■ **INFORMATION SUPPLIED**:
◇ ◇ ◇ ◇ ◇
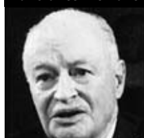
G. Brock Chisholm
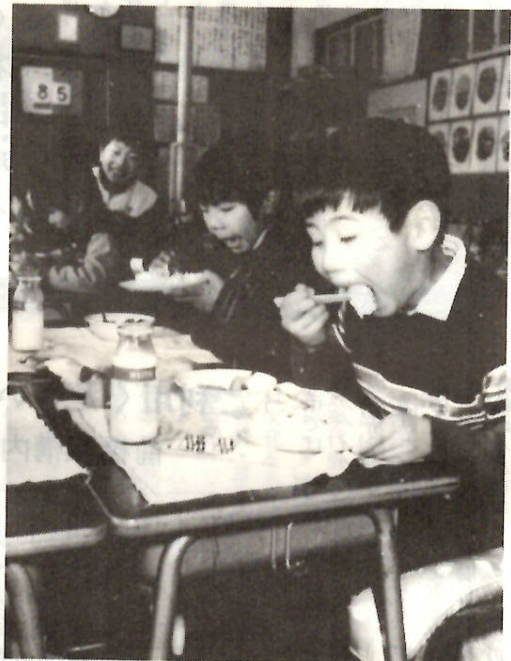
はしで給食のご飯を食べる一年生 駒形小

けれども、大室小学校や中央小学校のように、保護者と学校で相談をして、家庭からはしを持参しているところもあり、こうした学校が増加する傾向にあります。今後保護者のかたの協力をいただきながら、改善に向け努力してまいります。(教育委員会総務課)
◇ ◇ ◇ ◇ ◇
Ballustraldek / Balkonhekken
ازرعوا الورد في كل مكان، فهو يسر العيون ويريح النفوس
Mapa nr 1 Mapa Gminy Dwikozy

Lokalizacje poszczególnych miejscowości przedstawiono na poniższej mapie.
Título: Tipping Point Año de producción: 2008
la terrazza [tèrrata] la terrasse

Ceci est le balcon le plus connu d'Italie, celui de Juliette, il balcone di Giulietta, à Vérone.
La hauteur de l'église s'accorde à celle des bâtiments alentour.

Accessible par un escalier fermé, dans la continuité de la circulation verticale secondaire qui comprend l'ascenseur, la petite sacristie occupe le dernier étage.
◇ ◇ ◇ ◇ ◇
■ **YOUR TASK**:
With the line holding "Lokalizacje poszczególnych miejscowości" as the first and the line holding "Accessible par un" as the last, set down that range of the entries above exactly, and nothing else.

■ **EXERCISE SOLUTION**:
Lokalizacje poszczególnych miejscowości przedstawiono na poniższej mapie.
Título: Tipping Point Año de producción: 2008
la terrazza [tèrrata] la terrasse

Ceci est le balcon le plus connu d'Italie, celui de Juliette, il balcone di Giulietta, à Vérone.
La hauteur de l'église s'accorde à celle des bâtiments alentour.

Accessible par un escalier fermé, dans la continuité de la circulation verticale secondaire qui comprend l'ascenseur, la petite sacristie occupe le dernier étage.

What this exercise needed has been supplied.